Everyone has their own version of what “too cold” is. However if you live in a state in which 50 degrees is considered an arctic blast or a half inch of snow means your area grocery stores run out of bread, milk and batteries, you probably can skip this post.

For those of us who live in areas where terms like “lake-effect snow” and “wind-chill factor” are as common as people who complain about the parking on campus, here are a couple story ideas you can chase down as you get back to campus.

  1. Weather policies: Like those other urban legends about how you get straight A’s if your roommate dies in the dorms, the “rules” for closing the campus due to weather are a bit nebulous in most cases. Track down your school’s policy on these kinds of things. See if there either a concrete rule (e.g. if the public schools in town shut down, campus closes) or at least a trend (e.g. more than a foot of snow means  no school) for weather-related closures.
    Also see if there are different rules for different groups regarding coming to campus.
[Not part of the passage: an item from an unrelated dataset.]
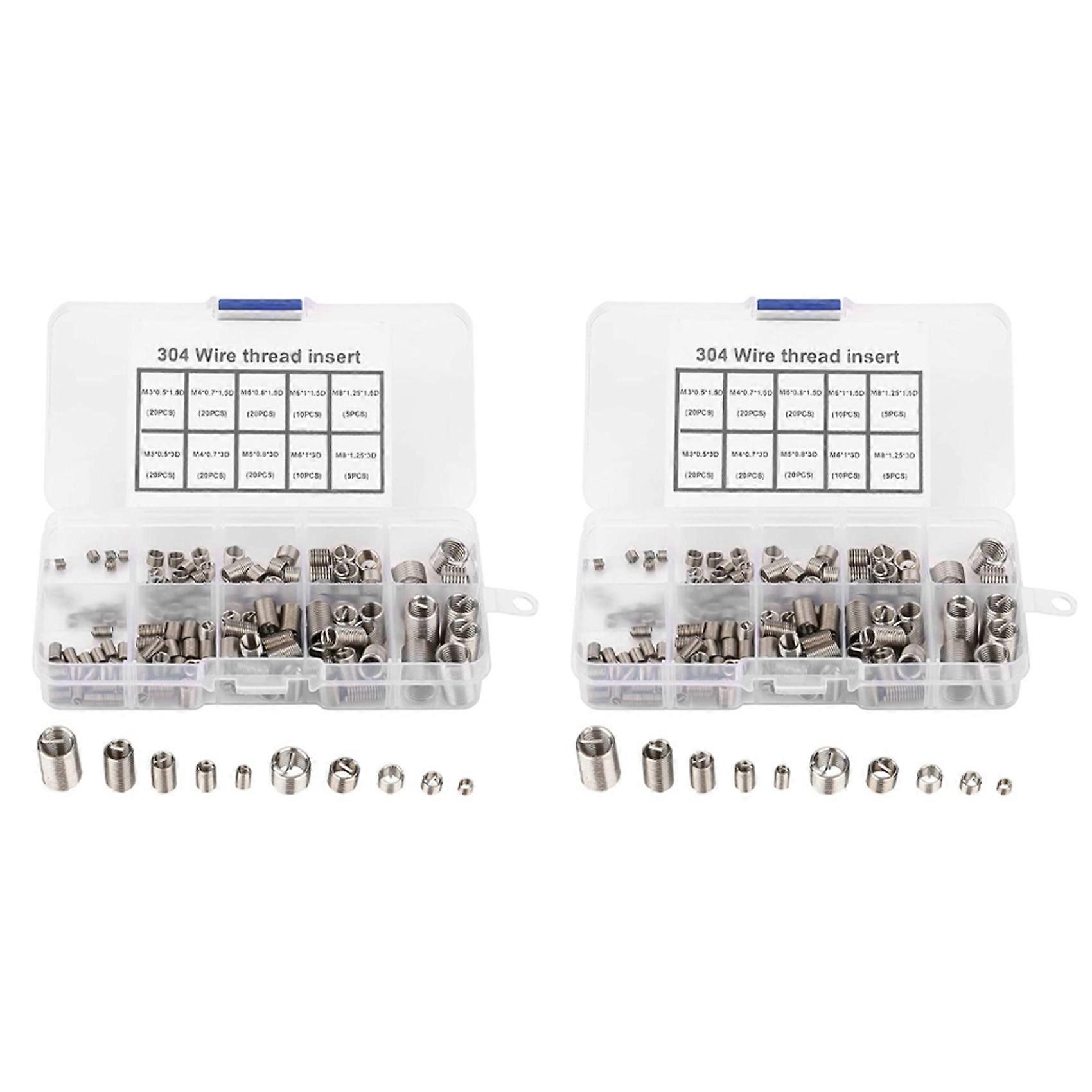 APPLIED FOR THREAD INSERTS CONNECTION AND REDUCES THREAD INSERTS DAMAGE--Steel thread inserts used in low strength materials such as aluminum, magnesium, can avoid thread damage and get a good connection performance, to enhance connection strength and improve connection condition perfect TOOL FOR SCREW THREAD REMOVING--Used for parts that requires frequent removing, it can greatly improve service life and wear-resistance of screw thread STRONG ELASTICITY INCREASES SCREW THREAD CONNECTION AND REDUCES FATIGUE RESIST--Because of a certain elasticity, thread insert can even the load distribution on each thread, eliminate pitch and tooth deviation between screw and screw hole, and absorb vibration, thus increasing the screw thread connection strength and fatigue resistance ANTI-LOOSE FITS FOR HIGH COEFFICIENT INSURANCE--It can prevent screw from getting loose, especially used for products requiring high coefficient of insurance EASY TO OPERATE AND MAINTENANCE--Easy to maintenance, install a thread insert into a damage screw hole, then the screw hole can be used as normal, in order to avoid workpiece loss Colour: silver Material: stainless steel Package Contents: 40 x M3 x 0.5 x 1.5D thread insert 40 x M4 x 0.7 x 1.5D thread insert 40 x M5 x 0.8 x 1.5D thread insert 20 x M6 x 1 x 1.5D thread insert 10 x M8 x 1.25 x 1.5D thread insert 40 x M3 x 0.5D x 3D thread insert 40 x M4 x 0.7 x 3D thread insert 40 x M5 x 0.8 x 3D thread insert 20 x M6 x 1 x 3D thread insert 10 x M8 x 1.25 x 3D thread insert Only the above package content, other products are not included. Note: Light reflection and different displays may cause the color of the item in the picture a little different from the real thing. The measurement allowed error is +/- 1-3cm.

In some cases, “essential” employees are required to risk life and limb to show up and do things while “non-essential” professors get to sit home and think, “Man, it looks ugly out there…”
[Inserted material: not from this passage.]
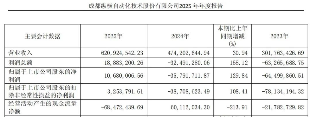 年报显示,纵横股份2025年实现营业收入6.21亿元,同比增长30.94%;归属于上市公司股东的净利润1068万元,同比扭亏为盈。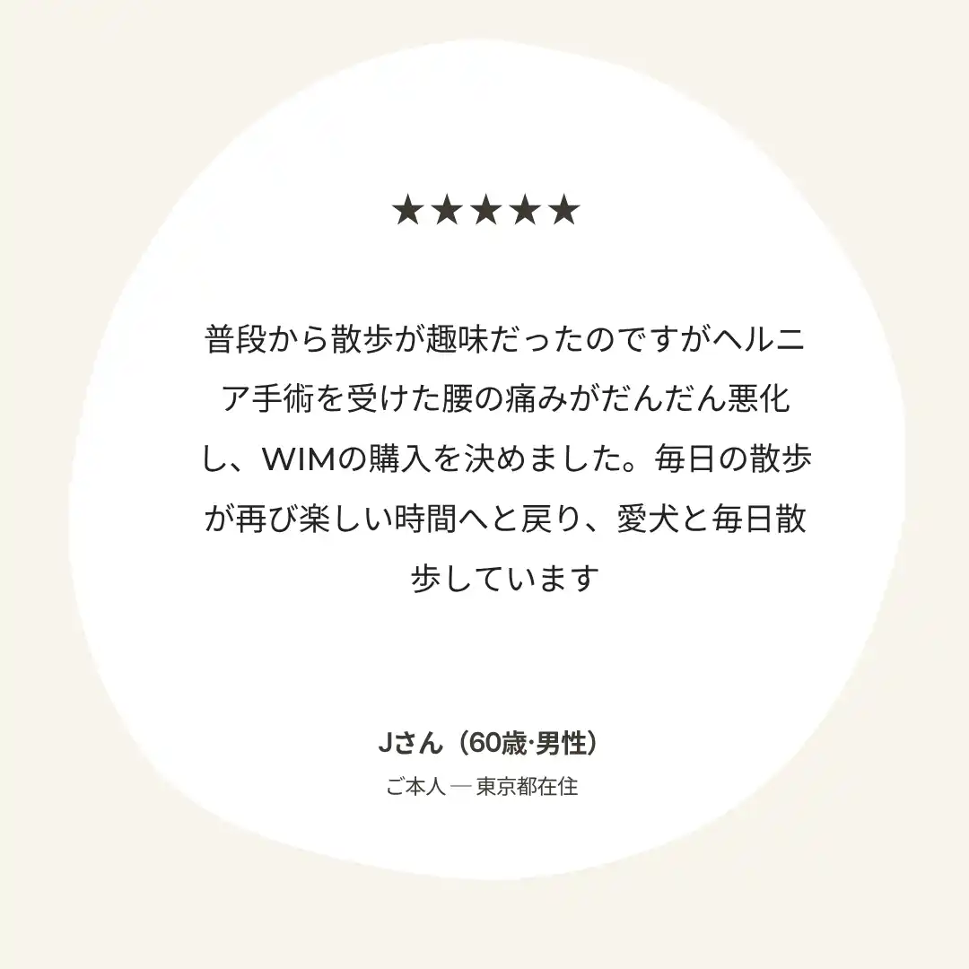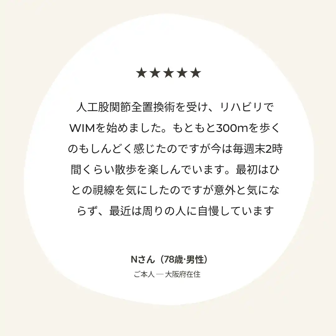 WIM Sが目指すのは、単なるデバイスの販売ではなく、あなたの「歩く喜び」を取り戻すことです。 |

  2. Maintenance issues: Weather can cause havoc all over a campus and people in the maintenance staff will try to prevent the problems they can and then scramble to fix the ones that happen. Typical issues include things like snow removal, sidewalk salting and so forth, but there are other things to consider. Frigid cold can freeze and burst pipes. Critters can be industrious in looking for warm places to live, thus leading to invasions of mice and squirrels. Heaters and boilers can break down or become overworked. Talk to the folks who are responsible for keeping the systems on campus running smoothly and see what’s going on.
  3. Parking problems: Snow really messes with parking. Will the parking department be out ticketing for cars that inhibit plowing? How do you park when you can’t see the lines? Is there some sort of amnesty for  cars with dead batteries? Talk to the parking folks and give your readers some answers.
  4. Student health center trends: If my class this winter term is any indication, we’re about two coughs and one sneeze away from World War Z. Miserable weather, close-quarter living conditions like dorms and a general lack of healthy habits can have all sorts of illness ripping through your campus. See what the “sickness du jour” is on campus and how much traffic the health center has seen as a result of it.
  5. Helpful graphics/stories: I was leaving my office on Sunday when I saw two students trying to jump start one of their cars. I went over to help them because a) they were trying to jump the car without starting the donor car and b) one of them was wearing no hat, a sweatshirt, a pair of soccer shorts, no socks and a pair of slip on shoes. It was -10 outside with a -25 windchill.
    We got the car started, but it occurred to me that there are a lot of “cold-weather help” pieces we could run. A graphic on how to jump start a dead car would be helpful. So would a link to a “here’s what you should keep in your car in case of emergency” list. Advice on how to drive on snow (cars and techniques have changed a lot since your parents learned on rear-wheel drive cars that didn’t have anti-lock brakes) would also be good. Think about all the stuff you think people should know create a central-junction point for this stuff on your website or in your paper/publication.